Brain scans showed that several areas in the mesolimbic reward system (ventral tegmental area, dorsal striatum, and ventral striatum) were activated by decisions leading to both pure monetary reward and charitable donation. However, the subgenual area, involved in social attachment and affiliative reward, was activated significantly more by donation than monetary reward, suggesting that while the rewarding feeling we get from giving may be very similar to the feeling of receiving, there is an important social component to the reward we feel from giving. Other areas were activated by decisions of whether or not to donate: the lateral orbitofrontal cortex was associated with subjects’ decisions against donating, while the anterior prefrontal cortex was activated by donations in which participants were particularly altruistic (i.e. lost a lot of money). Is this an altruism decision circuit in the brain? It’s hard to say for sure, but the fact that specific brain areas are activated in this way suggests that altruism played an important role in human brain evolution.

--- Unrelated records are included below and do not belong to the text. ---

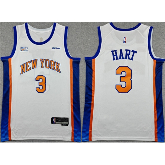 Men's New Yok Knicks #3 Josh Hart White 2024-25 City Edition Stitched Basketball Jersey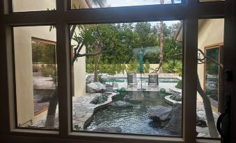 Separate casita with separate outside entrance for caretaker use. Your privacy is assured at all times.About pets:Pets allowed: dogs less than 50 lbs per pet (limit 2 pets total).Security deposit req. Doggie door in Master Bath.About checkOut:Check out before 11:00 AM.About children:Children allowed: ages 0-17.About customRules:Strict Palm Desert noise ordinance between 10PM and 8AM. No loud noise or music outside at any time. Renter responsible for any noise fines..Maximum 6 guests allowed by Palm Desert ordinance. Renter responsible for any violation fees imposed.,Parking in circular drive only. No street parking. One spot at far right side reserved for owner. Casita used by owner via separate gate..About checkIn:Check in after 3:00 PM.About smoking:Smoking is not permitted.About minBookingAge:Minimum age to rent: 25.About events:No events allowed.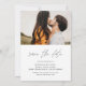 Bröllop Spara Datum-kort som har ett foto på framsidan och baksidan. Spara Datum-korten innehåller en modern handskriven kursiv typsnitts typografi som är elegant, enkel och modern att använda efter din minimalistiska enkla bröllopsdag firande.
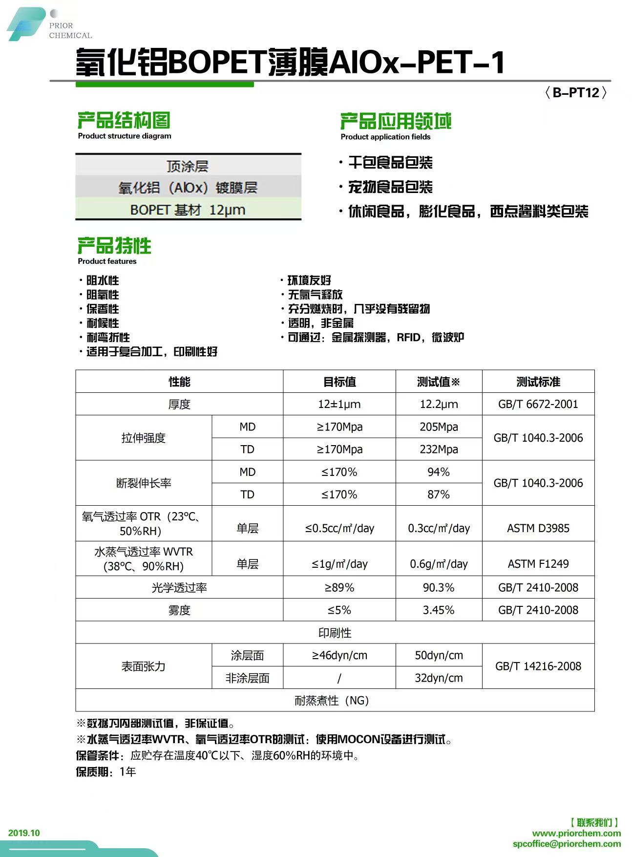 氧气透过率OTR(23℃、50%RH) | 单层 | ≤0.5cc/㎡/day | 0.3cc/㎡/day | ASTM D3985 |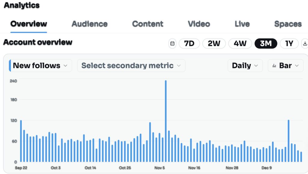 Only one metric showed growth: bookmarks surged 147% to 3,700, suggesting that users who do see the content find it valuable enough to save. But bookmarks don’t drive viral reach the way shares and reposts once did.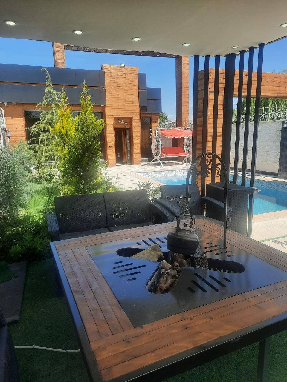 دارای آلاچیق 7 نفره است.دارای استخر روباز آبگرم به ابعاد 3.5 در 7.5 متری با عمق 2.5 متری به صورت فلت است.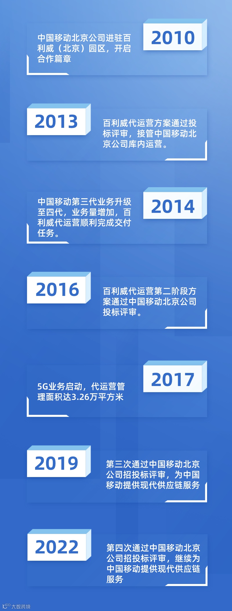 2022年9月,百利威集团通过中国移动北京公司招投标评审,再次成为其现代供应链服务合作方,双方自2010年至今已连续合作十二年时间。

So is it better to give than receive?
Maybe…the above study suggests that more regions are activated by giving than receiving, but whether one actually feels better than the other is hard to say. Perhaps the more important question in light of evolution is why do we like giving so much? Evidence points to cooperation and altruism being integral to our survival as a species, even if it did not necessarily benefit every altruistic individual. The proclivity of another highly social primate species, bonobos, to share with strangers supports the view that this type of behavior promotes the survival of groups. In addition, the existence of specialized brain areas for processing altruism and their connections to reward centers suggest that these pressures on the survival of groups of humans significantly influenced the evolution of our brains. And while altruism is not uniquely human, the extent to which we cooperate with and give to complete strangers is unmatched in the animal kingdom – even bonobos do not share with strangers if there is no potential for social gain (Tan & Hare 2013). So while you’re enjoying giving gifts to your family and friends this holiday season, consider the reason why it feels good to give: the interaction between cultural evolution and human brain evolution.
References
Bereczkei, T., Birkas, B. & Kerekes, Z. Public charity offer as a proximate factor of evolved reputation-building strategy: an experimental analysis of a real-life situation. Evol. Hum. Behav. 28, 277–284 (2007).
de Quervain, D. J.-F., Fischbacher, U., Treyer, V., Schellhammer, M., Schnyder, U., Buck, A., & Fehr, E. The neural basis of altruistic punishment. Science 305, 1254–8 (2004).
Fehr, E., Fischbacher, U. & Gächter, S. Strong reciprocity, human cooperation, and the enforcement of social norms. Hum. Nat. 13, 1–25 (2002).
Fehr, E. & Fischbacher, U. The nature of human altruism. Nature 425, 785–91 (2003).
Gintis, H. Strong reciprocity and human sociality. J. Theor. Biol. 206, 169–79 (2000).
Izuma, K., Matsumoto, K., Camerer, C. F. & Adolphs, R. Insensitivity to social reputation in autism. (2011).
Moll, J. et al. Human fronto-mesolimbic networks guide decisions about charitable donation. Proc. Natl. Acad. Sci. U. S. A. 103, 15623–8 (2006).
Tan, J. & Hare, B. Bonobos share with strangers. PLoS One 8, e51922 (2013).